I'm currently using the NEST ElasticSearch C# Library for interacting with ElasticSearch. My project is an MVC 4 WebAPI project that basically builds a RESTful webservice for accessing directory assistance information.

We've only just started working with NEST, and have been stumbling over the lack of documentation. What's there is useful, but it's got some very large holes. Currently, everything we need works, however, we're running into an issue with connections sometimes taking up to a full second. What we'd like to do is use some sort of connection pooling, similar to how you'd interact with SQL Server.

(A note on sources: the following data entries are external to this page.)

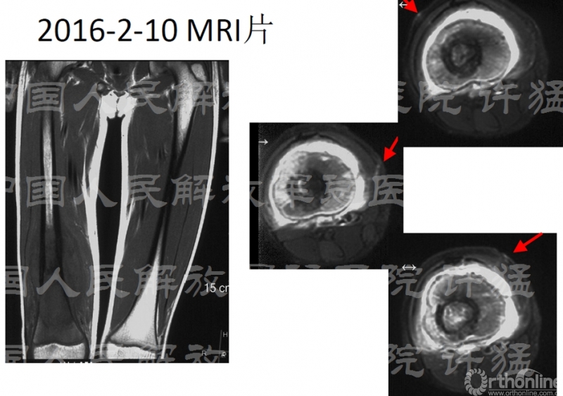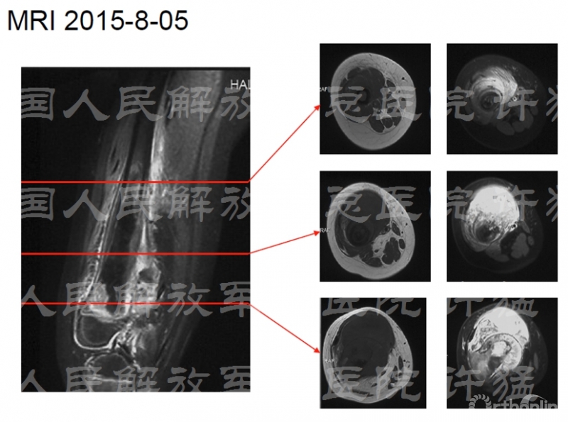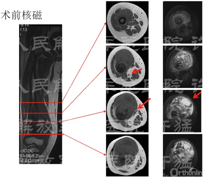 核磁显示股四头肌伸膝装置受到肿瘤累及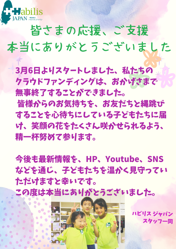 これからもハビリスジャパンは、子どもたちが何ごともあきらめずに、チャレンジし続けられる世界を目指して、一歩一歩前進して参りたいと思います。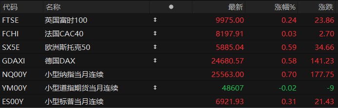 周一盘前,美股三大股指期货涨跌不一,欧洲主要指数普遍上涨。截至发稿,纳斯达克100指数期货涨0.70%,道指期货跌0.02%,标普500指数期货涨0.31%。

Here is the documentation on how to connect using nest: http://mpdreamz.github.com/NEST/concepts/connecting.html

Here is the relevant code snippet from our project:

public class EOCategoryProvider : IProvider
{
    public DNList ExecuteQuery(Query query)
    {
        //Configure the elastic client and it's settings
        ConnectionSettings elasticSettings = new ConnectionSettings(Config.server, Config.port).SetDefaultIndex(Config.index);
        ElasticClient client = new ElasticClient(elasticSettings);

        //Connect to Elastic
        ConnectionStatus connectionStatus;
        if (client.TryConnect(out connectionStatus))
        {
            // Elastic Search Code here ...
        } // end if
    } // end ExecuteQuery
} // end EOCategoryProvider

From looking at the documentation, I can't see any provisions for a connection pool. I've been thinking about implementing my own (having, say 3 or 4 ElasticClient objects stored, and selecting them round-robin style), but I was wondering if anyone had a better solution. If not, does anyone have advice on the best way to implement a connection pool by hand? Any articles to point to?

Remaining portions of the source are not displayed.